One could view Seeger’s leftist politics as disruptive of his career. Chart success in the early 1950s with his group The Weavers foundered on questions of Seeger’s political affiliations. “I love my country very dearly,” he said, “and I greatly resent this implication that some of the places that I have sung and some of the people that I have known, and some of my opinions, whether they are religious or philosophical, or I might be a vegetarian, make me any less of an American.”
He was indicted for contempt of Congress and given jail time, a sentence that was later overturned. But his blacklisting derailed The Weavers. Despite achieving chart success and popularizing the old Gullah spiritual “Kumbaya,” The Weavers disappeared from the radio waves and concert halls. Seeger, though he faced a travel ban and was barred from television, was undaunted. He performed at summer camps and on the college circuit. (He left The Weavers when the group’s other three members agreed to perform a jingle for a cigarette commercial.) A dozen or so years later, Seeger wrote “Waist Deep In Big Muddy,” a Vietnam War protest song. CBS censored it from a 1967 performance on The Smothers Brothers Comedy Hour, but Seeger was allowed to return and play the song the following year. “I like to say I'm more conservative than Goldwater,” he pronounced in the early 1960s. “He just wanted to turn the clock back to when there was no income tax. I want to turn the clock back to when people lived in small villages and took care of each other.”
Starting with his work for Alan Lomax, the great compiler of American vernacular music, Seeger became a tireless musical promoter. His television show, “Rainbow Quest,” was the best exemplar of the man’s unerring musical taste. The hour-long broadcast, which ran only on a low-power UHF channel between 1965 and 1966, featured an extraordinarily diverse range of acoustic musical expression. A sample set includes ragtime blues legends Mississippi John Hurt, Elizabeth Cotten and Reverend Gary Davis, country greats Johnny Cash and June Carter, old-time picker and high lonesome singer Roscoe Holcomb, and contemporary artists like Donovan and Buffy St. Marie. Seeger, never one to resist inclusion, would often accompany his guests on banjo or guitar, when he wasn’t fixing them with his intense and admiring gaze.

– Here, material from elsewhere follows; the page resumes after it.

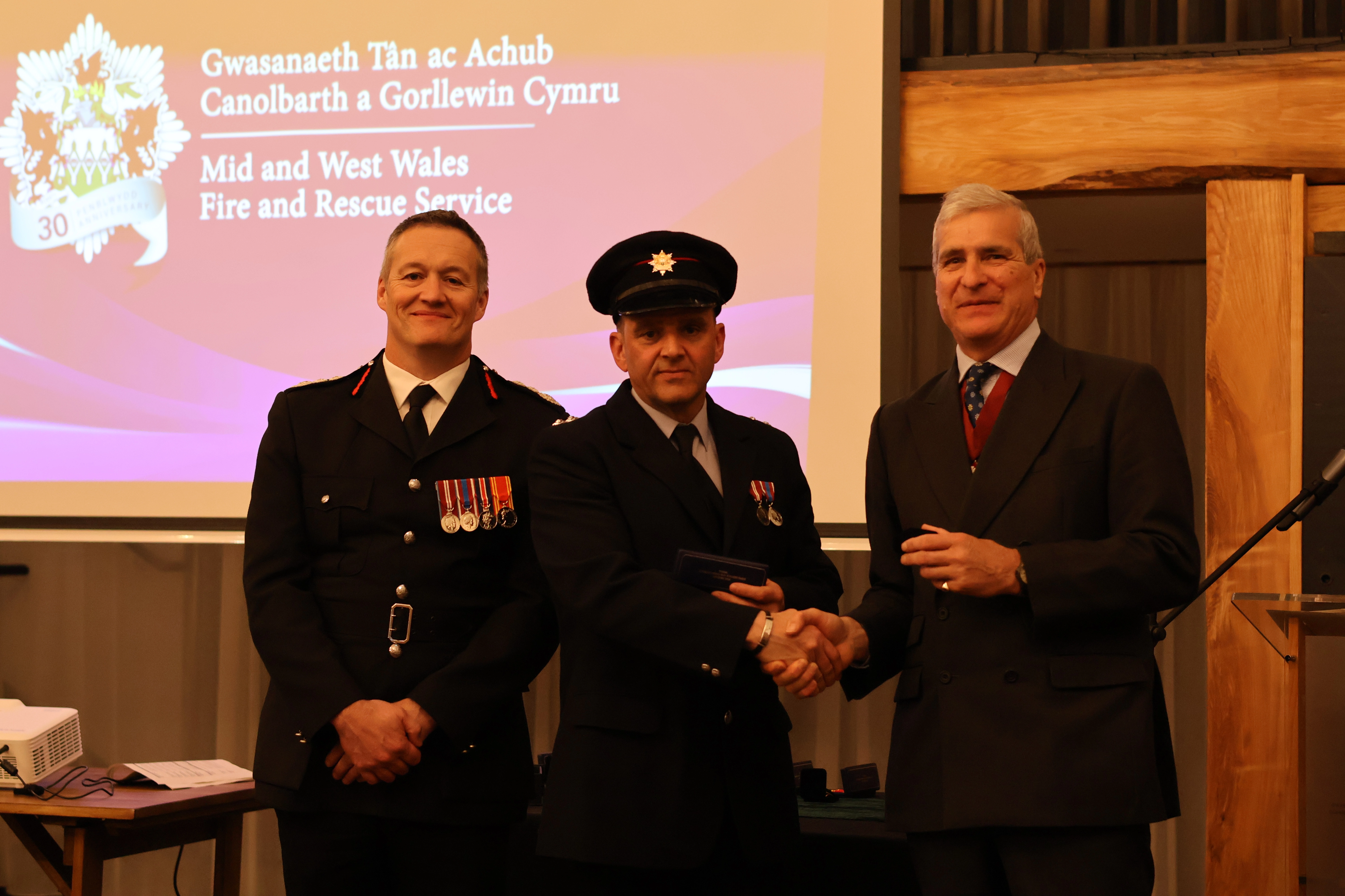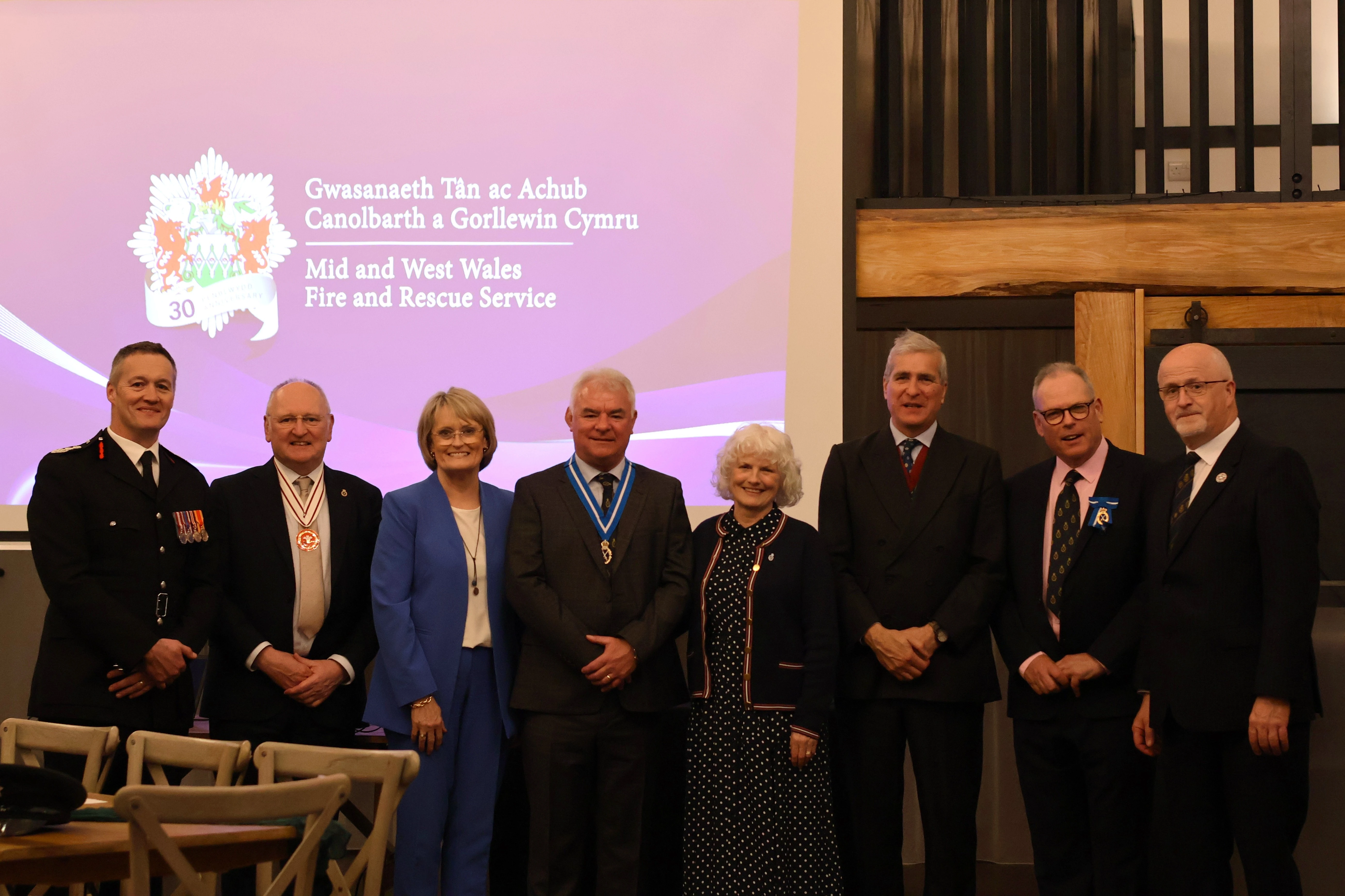Roedd y noson yn gyfle arbennig i ddathlu a chydnabod 30 ac 20 mlynedd o wasanaeth a gwblhawyd gan bersonél gweithredol a chymorth. Wedi'i gyflwyno gan Brif Swyddog Tân GTACGC, Craig Flannery, roedd y seremoni'n cynnwys perfformiad gan Gôr Meibion Aberhonddu, cyflwyno medalau a gwobrau i bersonél GTACGC, a bwffe.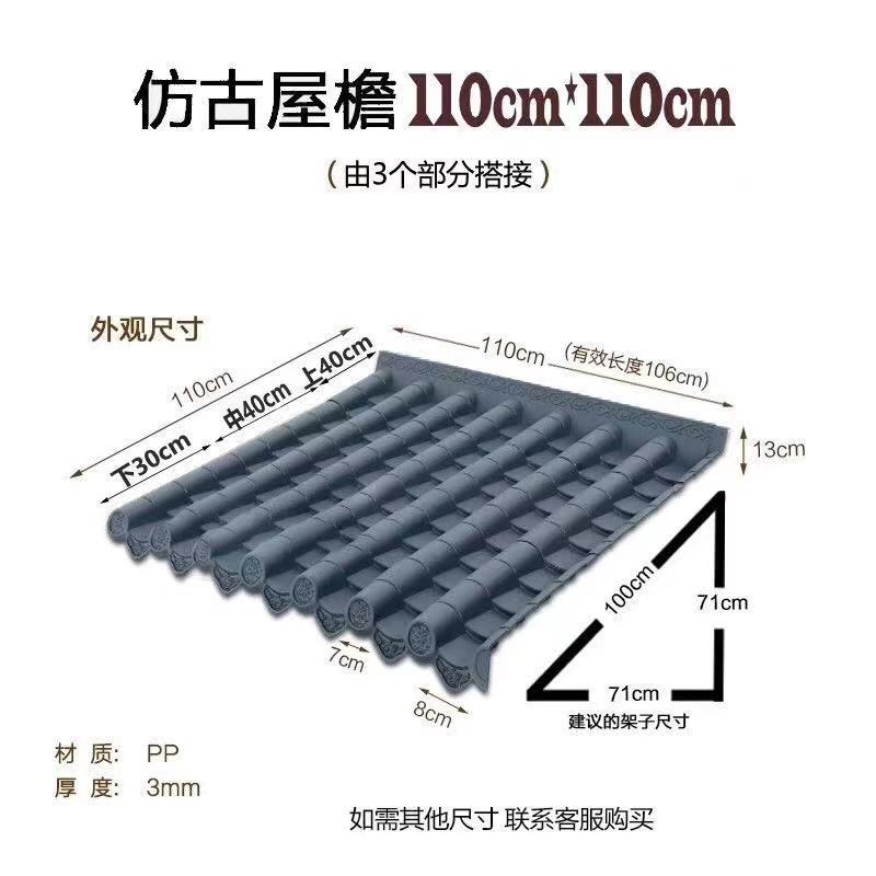 檐口处:安装檐口封边条,防止雨水沿檐口渗透;檐口瓦需伸出檐口线50-100mm。

In the still, small center of this spinning wheel of activity, Pete Seeger maintained a persistent belief in people and community. "The key to the future of the world,” he said, “is finding the optimistic stories and letting them be known.” If you watch a video of Pete Seeger in the coming days, it will probably show him performing to school children, or leading a sing-along, as he did in lieu of making a speech when inducted into the Rock and Roll Hall of Fame. In this sense — this participatory sense — he was more collectivist than his socialist politics might suggest. “Be wary of great leaders,” he said after marching with members of the Occupy Wall Street movement in 2011. “Hope that there are many, many small leaders.” He had an ear, maybe the ear, for a simple, sturdy melody and socially potent lyric. He brought that to the people and they returned it to him, as during the hundreds of times Seeger’s crowd sang along to “Goodnight Irene.” Now we must continue to sing along with each other.
Pete Seeger’s banjo had five strings, all tuned to a certain tension and expressing a different tone, all plucked or strummed with the right amount of attack and release. They conveyed a message of gentle political activism, a marrow-deep love of playing an instrument, a sense of place and spirituality in nature, a knowledge and embrace of others’ musical expression and an abiding faith in people and progress. If that banjo — that machine that surrounded hate and forced it to surrender — is silent now, it will still be resonant for generations.